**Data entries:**
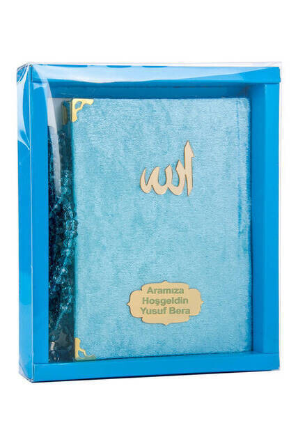 Produktinformationen "Samtbedecktes Yasin-Buch - Taschengröße - Name Spezialplatte - Rosenkranz - Boxed - Blaue Farbe - Religiöses Geschenk"
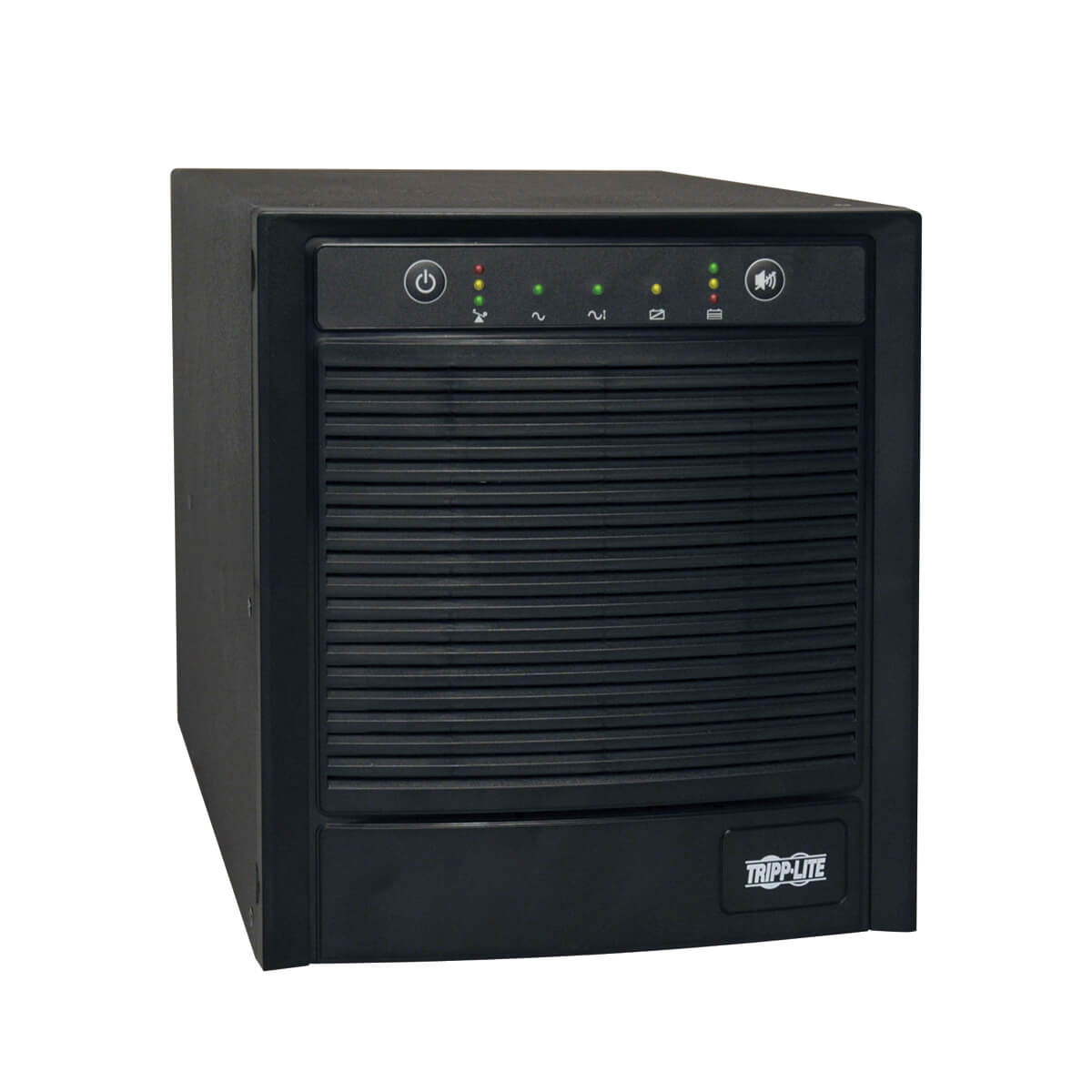 3000VA line-interactive tower UPS system for server, networking and telecommunications equipment. Upright tower form factor. Offers sine wave 120V nominal output in both AC and battery modes. Switches to battery-derived AC output during power failures and extreme voltage variations. Line-interactive automatic voltage regulation (AVR) provides voltage boost/cut during brownouts/overvoltages to maintain regulated 120V nominal output over an input voltage range of 83-145V. Includes NEMA L5-30P input plug and 7 UPS-supported output receptacles (6 x 5-15/20R, 1 x L5-30R). Network-grade AC surge and noise suppression. Network management interfaces support simultaneous communications via USB port, DB9 serial port and SNMPWEBCARD slot. HID-compliant USB interface enables integration with built-in power management and auto shutdown features of Windows and Mac OS X. Supports simultaneous detailed monitoring of equipment load levels, self-test data and utility power conditions via all three network interfaces. Includes PowerAlert power management software and complete cabling. Three-stage metered current monitoring and battery charge status LEDs. Utility power and voltage regulation, and battery warning LEDs. Audible alarm. Self-test. Field-replaceable, hot-swappable internal batteries. Attractive all-black color scheme.
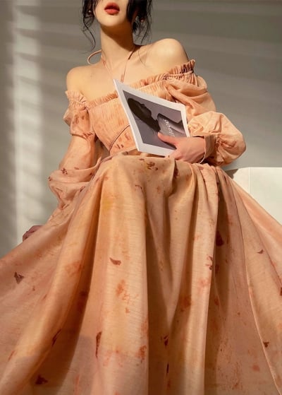 Graduation Gift Back to School Season Summer Dress Spring Outfit DIY Orange Slash neck Wrinkled Exra Large Hem Print Silk Cinch Dresses Long Sleeve
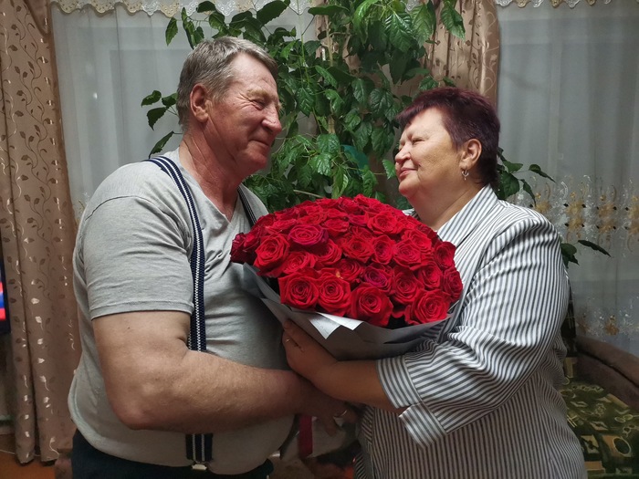 а здесь моей тете на юбилей ее супруг подарил 51 розу и они мило обнимаются
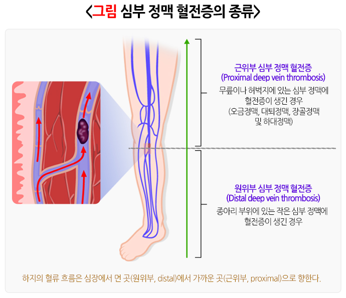 심부 정맥 혈전증은 혈전이 생긴 정맥의 위치에 따라 근위부 심부 정맥 혈전증(proximal DVT)과 원위부 심부 정맥 혈전증(distal DVT)으로 나눌 수 있습니다. 다리에서 심장으로 가는 정맥 혈류의 흐름은 발-발목-종아리-허벅지로, 심장에서 먼 쪽(원위부, distal)에서 가까운 쪽(근위부, proximal)으로 향하게 됩니다. 심장에서 가까운 근위부 정맥은 크기가 더 크고 심장에서 더 가깝기 때문에 원위부 정맥에 생긴 심부 정맥 혈전증보다 폐 색전증 등의 합병증이 더 잘 생길 수 있습니다. 하지의 깊은 정맥에 가장 흔하게 발생하지만, 팔에 있는 정맥이나 복부의 장기에 있는 내장정맥 등 드물게 다른 정맥에서 생길 수도 있습니다.
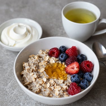 Breakfast: Start the day with a wholesome breakfast by enjoying an oatmeal bowl topped with fresh berries and a tablespoon of honey. Accompany this meal with a side of Greek yogurt for added protein, enhancing satiety and nutritional value. A cup of green tea serves as a refreshing, hydrating option, rich in antioxidants.
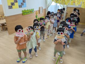 自分の名前を言ったり楽しかったことを話すなど、まだ恥ずかしい子もいますが、ゆっくりと見守っていきたいです☺️
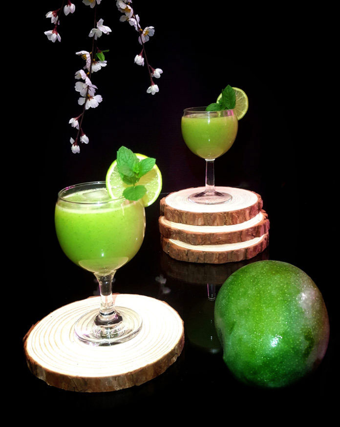রান্না করার নিয়মঃ একটি ব্লেন্ডারের জারে সামান্য পানির দিয়ে এর সাথে সব উপকরণ এক সাথে মিশিয়ে খুবই মসৃন করে ব্লেন্ড করে তারপর এর সাথে ৩-৪ গ্লাস পানি দিয়ে আবার ব্লেন্ড করুন। আপনারা কিন্তু আপনাদের স্বাদ অনুযায়ী সব কিছু দিবেন। আমার এই উপকরণে ৪ গ্লাস শরবত হয়েছে। যখন ব্লেন্ড করা হয়ে যাবে তখন একটি গ্লাসে লেবু, পুদিনা পাতা দিয়ে গার্নিশিং করে কিছু বরফের টুকরো দিয়ে পরিবেশন করুন কাঁচা আমের শরবত।
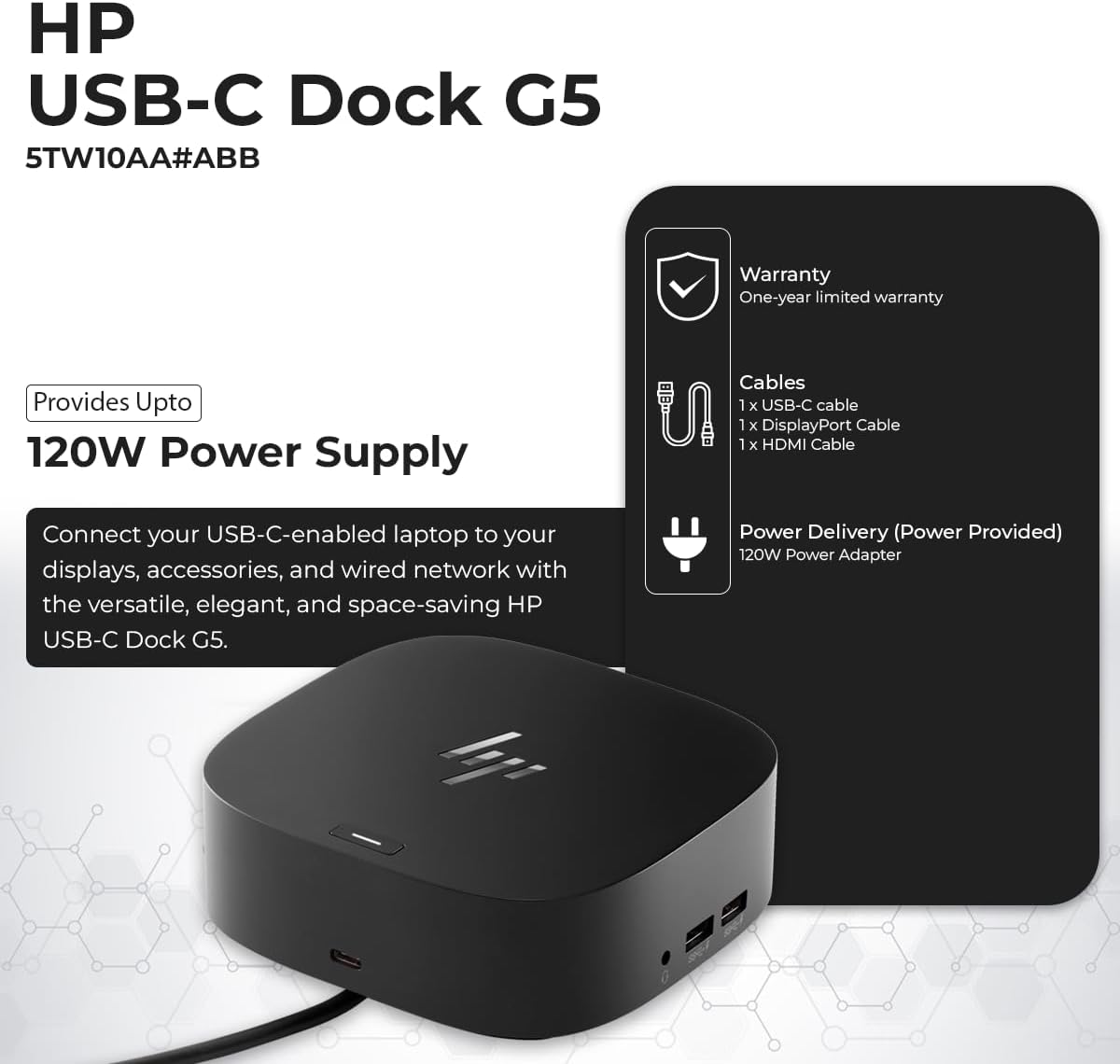 4.8 in x 4.8 in x 1.8 in; 23.98 oz + Gigabit Ethernet; Power Adapter 120 Watt Docking Station for HP Laptop Docking Station Thunderbolt Wired
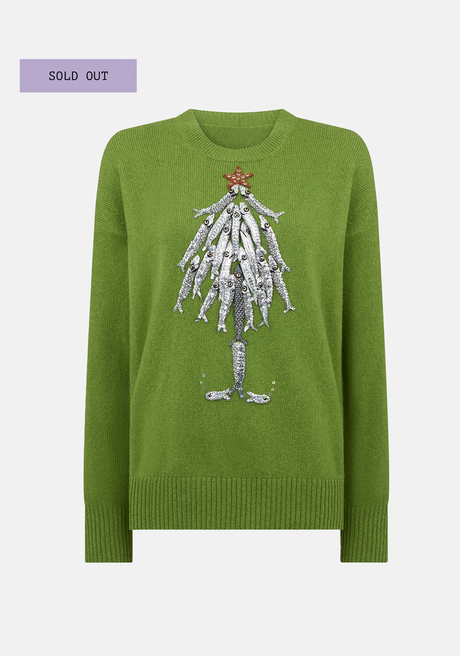 Deck the halls (and your wardrobe) with this sparkling Fishmas Tree jumper. Hand-knitted sardines shimmer across the front, forming a festive fir that turns cosy knitwear into wearable art.
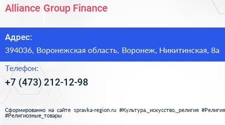 Alliance Group Finance по адресу 394036, Воронежская область, Воронеж, Никитинская, 8а в дальнейшем Организация, размещена в следующих категориях:
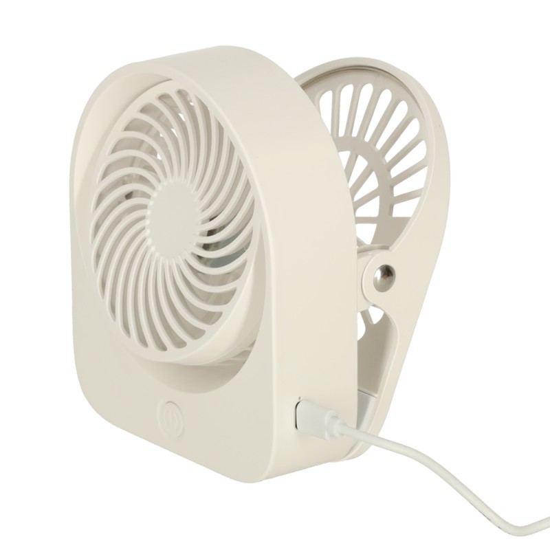 Przenośny wiatrak z podstawką i smyczą - do noszenia przy sobie lub postawienia na biurku. Włącznik z tyłu uruchamia 3 tryby nawiewu, a za pomocą portu USB można naładować go w domu i w aucie. Wymiary: 13,8 cm x 6,2 cm x 4,3 cm, kolor: biały
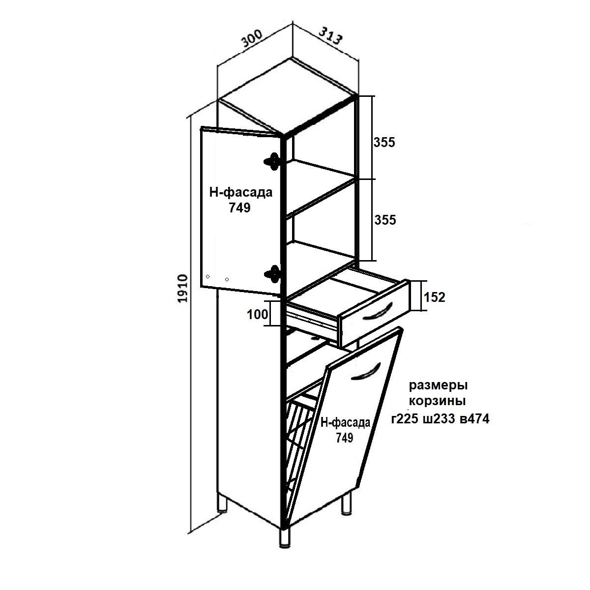 Шкаф-пенал Runo Эконом 30 L с корзиной |
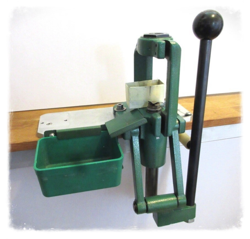 Een eerste model Rock Chucker met het bekende opvangbakje en aan de bovenzijde geklemd de houder voor de primer tube.
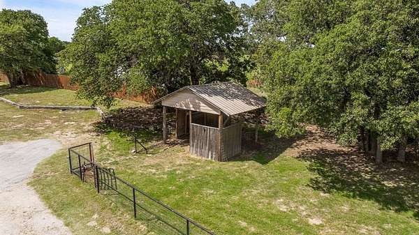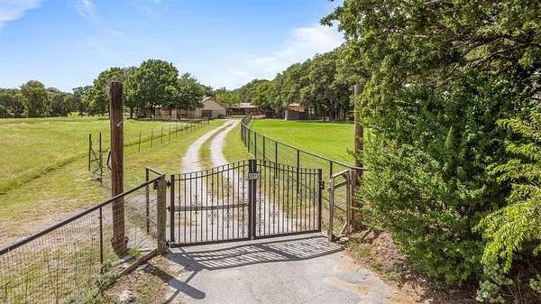 20 acre Ag exempt property offering exceptional amenities for rural living, recreation livestock and long term value just 35 minutes to the Fort Worth Stockyards and Coliseum. Enjoy country privacy with convenient access to Weatherford shopping, dining, medical and major travel routes while maintaining the peace of a true ranch setting. Two stocked ponds filled with large bass, catfish and bluegill are aerated by a picturesque windmill. Established bow and deer blinds with feeding stations support wildlife and seasonal hunting. Open pasture scattered trees and water features create usability and natural beauty. Multiple fenced pastures provide excellent grazing and livestock rotation ideal for horses cattle or agricultural use. Stables include rooms for tack and organized storage supporting daily operation. Water infrastructure includes a new well installed December 2024 Rain Soft water softener and filtration system reverse osmosis system tankless hot water heater and a secondary water heater two years old. Irrigation services the front yard maintaining curb appeal. The ranch style home features an updated kitchen completed in 2012 with stainless steel appliances and granite countertops. Soaring ceilings enhance the main living area and coordinating wood blinds add warmth. Spacious walk in closets provide storage throughout. The primary suite, remodeled in 2023, features quartz countertops, an open walk in shower and a separate soaking tub. The third secondary bedroom is oversized and flexible for guests or office use. Outdoor living includes a swimming pool covered patio and fire pit positioned for sunset views across the acreage. A second driveway approach from the main road provides convenient access for trailers equipment or future expansion. Ag exemption, water upgrades, recreational features, livestock readiness and prime Parker County location create a turnkey opportunity for buyers seeking privacy functionality and long term value.

**EXERCISE DETAILS:**
Since the pictures are not part of the copy, please transcribe only the lines above from the one with "Graduation Gift Back" through the one with "심부 정맥 혈전증은 혈전이", exactly and with both ends.

**THE COMPLETED TASK:**
 Graduation Gift Back to School Season Summer Dress Spring Outfit DIY Orange Slash neck Wrinkled Exra Large Hem Print Silk Cinch Dresses Long Sleeve
 а здесь моей тете на юбилей ее супруг подарил 51 розу и они мило обнимаются
 심부 정맥 혈전증은 혈전이 생긴 정맥의 위치에 따라 근위부 심부 정맥 혈전증(proximal DVT)과 원위부 심부 정맥 혈전증(distal DVT)으로 나눌 수 있습니다. 다리에서 심장으로 가는 정맥 혈류의 흐름은 발-발목-종아리-허벅지로, 심장에서 먼 쪽(원위부, distal)에서 가까운 쪽(근위부, proximal)으로 향하게 됩니다. 심장에서 가까운 근위부 정맥은 크기가 더 크고 심장에서 더 가깝기 때문에 원위부 정맥에 생긴 심부 정맥 혈전증보다 폐 색전증 등의 합병증이 더 잘 생길 수 있습니다. 하지의 깊은 정맥에 가장 흔하게 발생하지만, 팔에 있는 정맥이나 복부의 장기에 있는 내장정맥 등 드물게 다른 정맥에서 생길 수도 있습니다.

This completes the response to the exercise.